# Part 2.13: Supervised Learning - Gradient Boosting Classifier

The Gradient Boosting Classifier is another powerful ensemble method that builds models sequentially. Each new model (a weak learner, typically a small decision tree) is trained to correct the errors of the one before it. This sequential, error-correcting process makes it one of the highest-performing out-of-the-box algorithms.

In [1]:
from sklearn.ensemble import GradientBoostingClassifier
from sklearn.datasets import make_classification
from sklearn.model_selection import train_test_split

# Generate a dataset
X, y = make_classification(n_samples=1000, n_features=10, n_informative=5, n_redundant=0, random_state=42)

X_train, X_test, y_train, y_test = train_test_split(X, y, test_size=0.2, random_state=42)

### Training a Gradient Boosting Classifier

In [2]:
# n_estimators: The number of boosting stages (trees) to perform.
# learning_rate: Shrinks the contribution of each tree.
# max_depth: Limits the number of nodes in the tree.
gb_clf = GradientBoostingClassifier(n_estimators=100, learning_rate=0.1, max_depth=3, random_state=42)
gb_clf.fit(X_train, y_train)

print(f"Accuracy on test set: {gb_clf.score(X_test, y_test):.4f}")
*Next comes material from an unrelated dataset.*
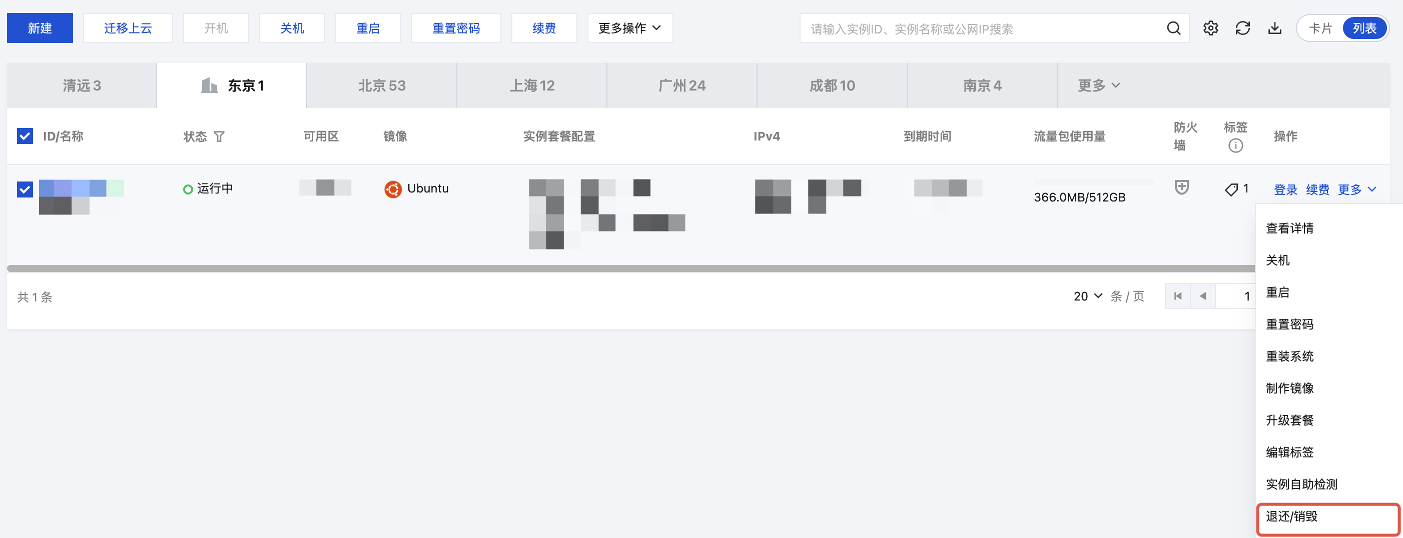 在列表视图中,支持批量销毁同地域的多台实例,勾选某地域下需销毁的实例后,选择页面上方的更多操作 > 退还/销毁。如下图所示:

Accuracy on test set: 0.9000


### Early Stopping
A useful technique to prevent overfitting is **early stopping**. We can monitor the model's performance on a validation set and stop training when the performance stops improving. Scikit-learn's implementation uses `n_iter_no_change` to achieve this.

In [3]:
gb_clf_early_stop = GradientBoostingClassifier(
    n_estimators=500, # Set a high number of estimators
    learning_rate=0.1, 
    max_depth=3, 
    random_state=42, 
    validation_fraction=0.1, # Fraction of training data to set aside as validation
    n_iter_no_change=10, # Stop if validation score doesn't improve for 10 iterations
    tol=0.01
)
gb_clf_early_stop.fit(X_train, y_train)

print(f"Number of estimators used after early stopping: {gb_clf_early_stop.n_estimators_}")
print(f"Accuracy with early stopping: {gb_clf_early_stop.score(X_test, y_test):.4f}")

Number of estimators used after early stopping: 89
Accuracy with early stopping: 0.9150


### Advanced Gradient Boosting Libraries
For top performance, consider these specialized libraries:
- **XGBoost**: The library that popularized gradient boosting for competitions.
- **LightGBM**: A very fast and efficient implementation.
- **CatBoost**: Excellent at handling categorical features automatically.